Just hours before polling stations open across Ottawa Monday morning, mayoral frontrunners Catherine McKenney and Mark Sutcliffe are making a final push on the campaign trail.
Sutcliffe is spending his weekend making appearances in each of the city’s 24 wards, while Catherine McKenney made appearances in Alta Vista and across Orleans on Saturday and plans to visit New Edinburgh, Kanata and Barrhaven on Sunday.
“This is a really important election and we’re going to have a new mayor for the first time in 12 years so I think it’s really important that people make their voice heard in this election campaign throughout the whole city,” Mark Sutcliffe said.
Both candidates know just how valuable these final hours of campaigning can be. Now the focus is on ensuring they get as many of their supporters to the polls as possible.
“It is crucial that we get people out to vote and this is why we’re out here doing this today,” Catherine McKenney said.
Despite more than 79,000 advance votes already cast, an increase of more than 20,000 compared to the city’s last election in 2018, municipal experts say they’re not sure what level of voter turnout to expect.

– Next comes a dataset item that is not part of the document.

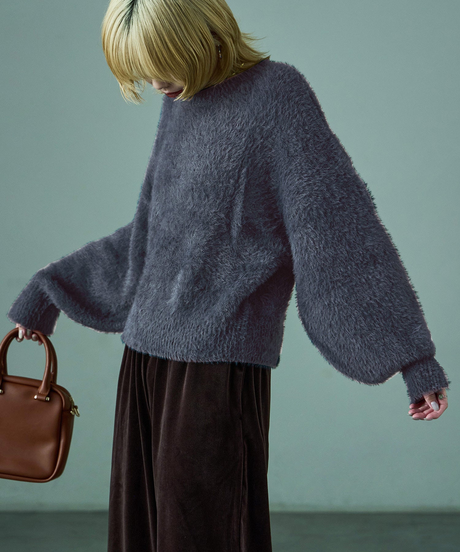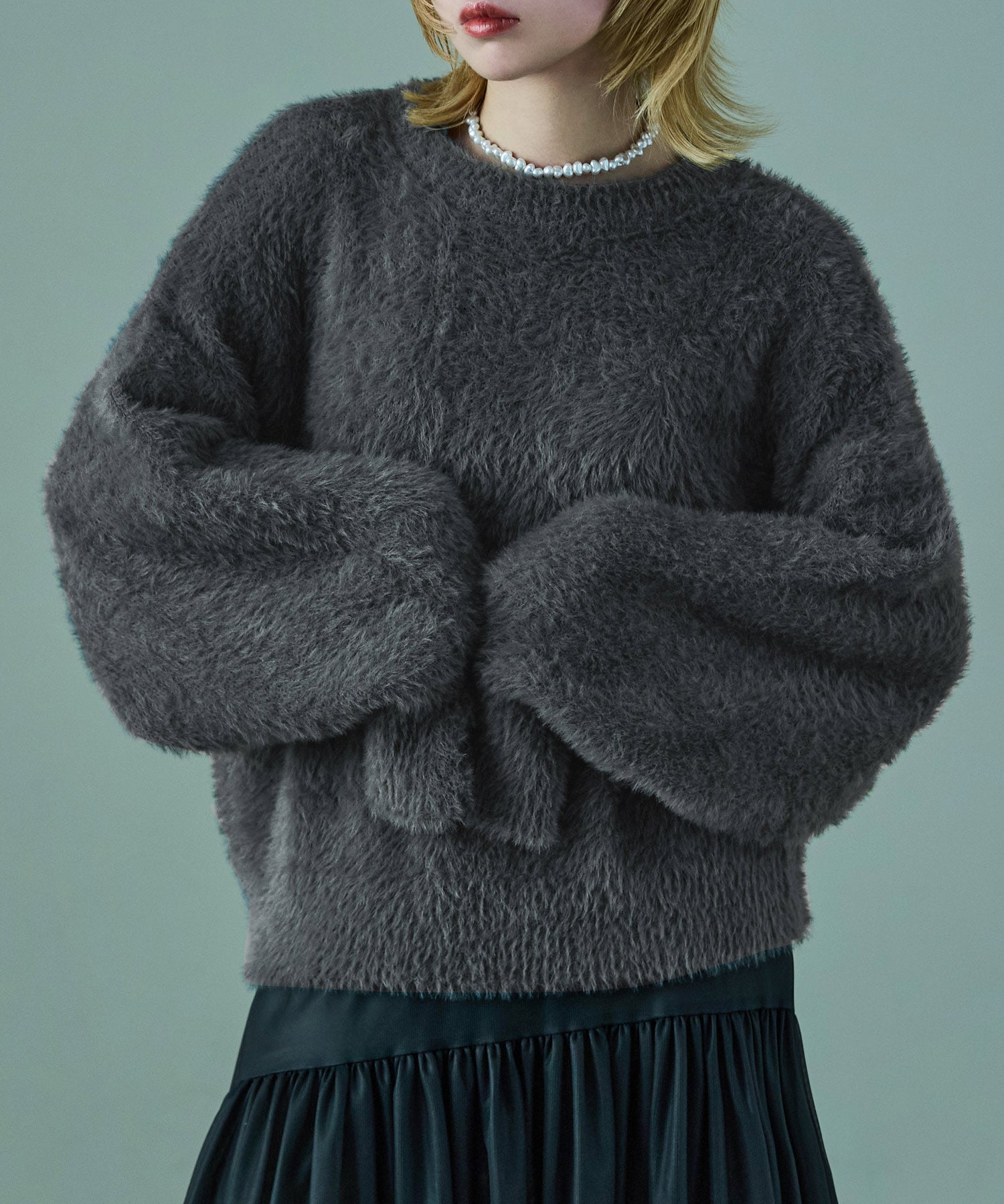 Zname シャギーニット オーバーサイズ ボリューム袖 プルオーバー

“That may translate into more people voting, but there’s no guarantee that it will. It may just be that the polls were open on a Friday and some voters said, ‘I can do it on a Friday and I don’t know where I’m going to be Monday morning,'” Chris Waddell, a Professor Emeritus at Carleton University’s School of Journalism and Communication, said.
Waddell says the defining influence on Monday’s results will be voter turnout, noting the city has had low turnout in the past two elections: 42 per cent in 2018, and just below 40 per cent in 2014.
“We’ll see if it’s going to be down to the wire. One of the problems with polling in municipal campaigns is if only 40 per cent of the people turn out, you may be polling a lot of people who like one candidate or another but in the end decide they’re not going to vote,” Waddell added.
Recent polling shows there are still a number of undecided voters, something reflected Saturday among those who met with Sutcliffe, hoping to help clarify their decision.
“I’ve narrowed it down to two, so I’m going to be deciding in the next 24 hours,” Cathie Orfali said.
Polls open at 10:00 a.m. on Monday but for those who cannot attend in-person, Elections Ottawa is reminding residents that voting by proxy remains an option.